(INFORMATION PROVIDED)

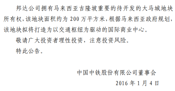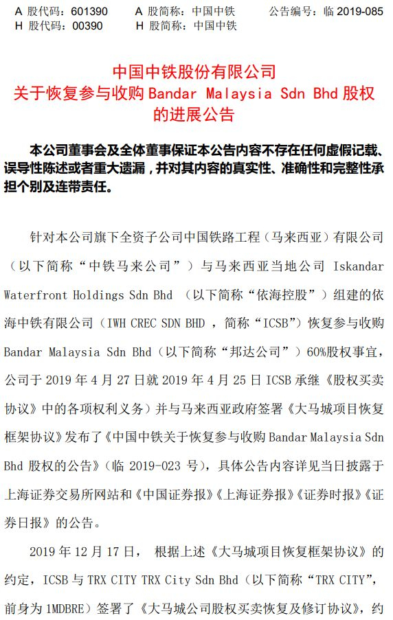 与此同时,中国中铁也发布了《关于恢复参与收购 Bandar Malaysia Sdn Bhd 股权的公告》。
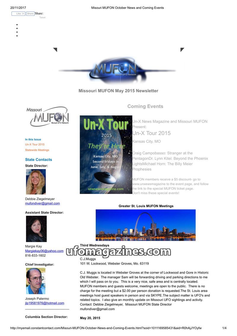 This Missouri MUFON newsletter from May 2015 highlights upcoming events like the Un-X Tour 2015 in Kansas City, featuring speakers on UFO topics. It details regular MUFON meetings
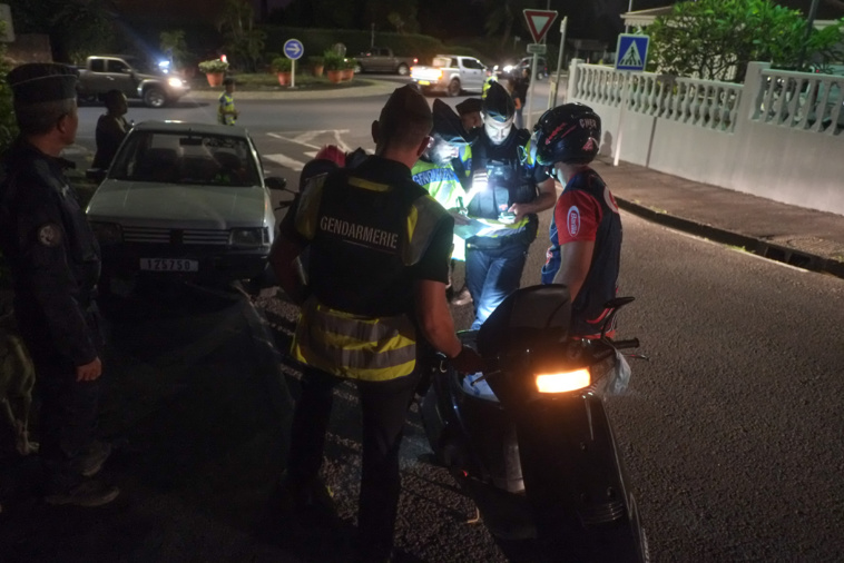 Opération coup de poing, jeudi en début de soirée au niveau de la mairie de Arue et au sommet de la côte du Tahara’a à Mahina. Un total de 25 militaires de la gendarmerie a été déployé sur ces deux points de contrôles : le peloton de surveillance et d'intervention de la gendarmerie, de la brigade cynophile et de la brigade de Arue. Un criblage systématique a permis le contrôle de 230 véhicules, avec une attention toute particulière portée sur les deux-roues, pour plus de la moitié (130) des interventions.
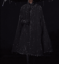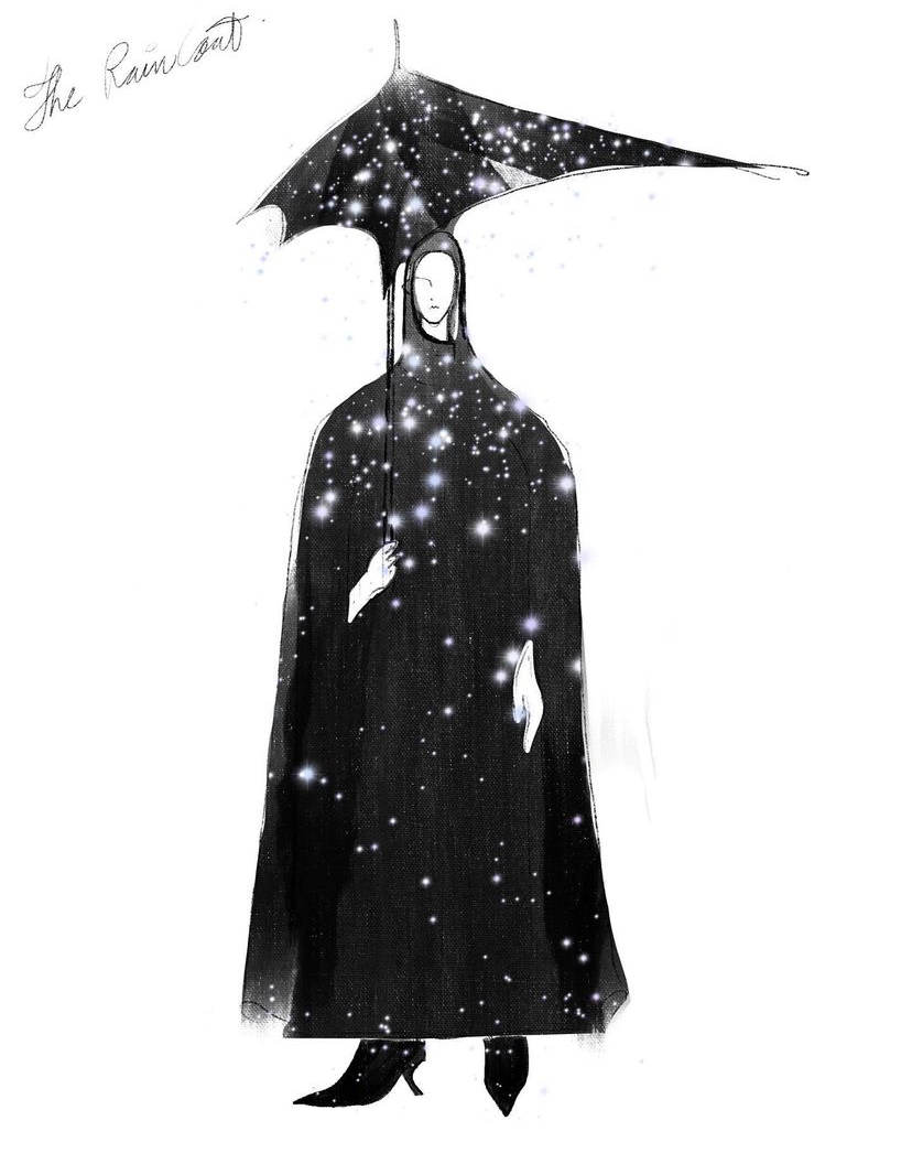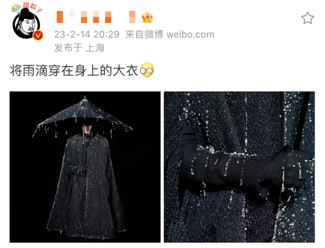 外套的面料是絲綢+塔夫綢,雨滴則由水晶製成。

(End INFORMATION PROVIDED)

▸ **YOUR GOAL**: Transcribe the span of lines that runs from the line with "Opération coup de" to the end of the data, both ends included, exactly, with nothing else and no pictures.

▸ **OUTPUT OF THE TASK**:
 Opération coup de poing, jeudi en début de soirée au niveau de la mairie de Arue et au sommet de la côte du Tahara’a à Mahina. Un total de 25 militaires de la gendarmerie a été déployé sur ces deux points de contrôles : le peloton de surveillance et d'intervention de la gendarmerie, de la brigade cynophile et de la brigade de Arue. Un criblage systématique a permis le contrôle de 230 véhicules, avec une attention toute particulière portée sur les deux-roues, pour plus de la moitié (130) des interventions.
 外套的面料是絲綢+塔夫綢,雨滴則由水晶製成。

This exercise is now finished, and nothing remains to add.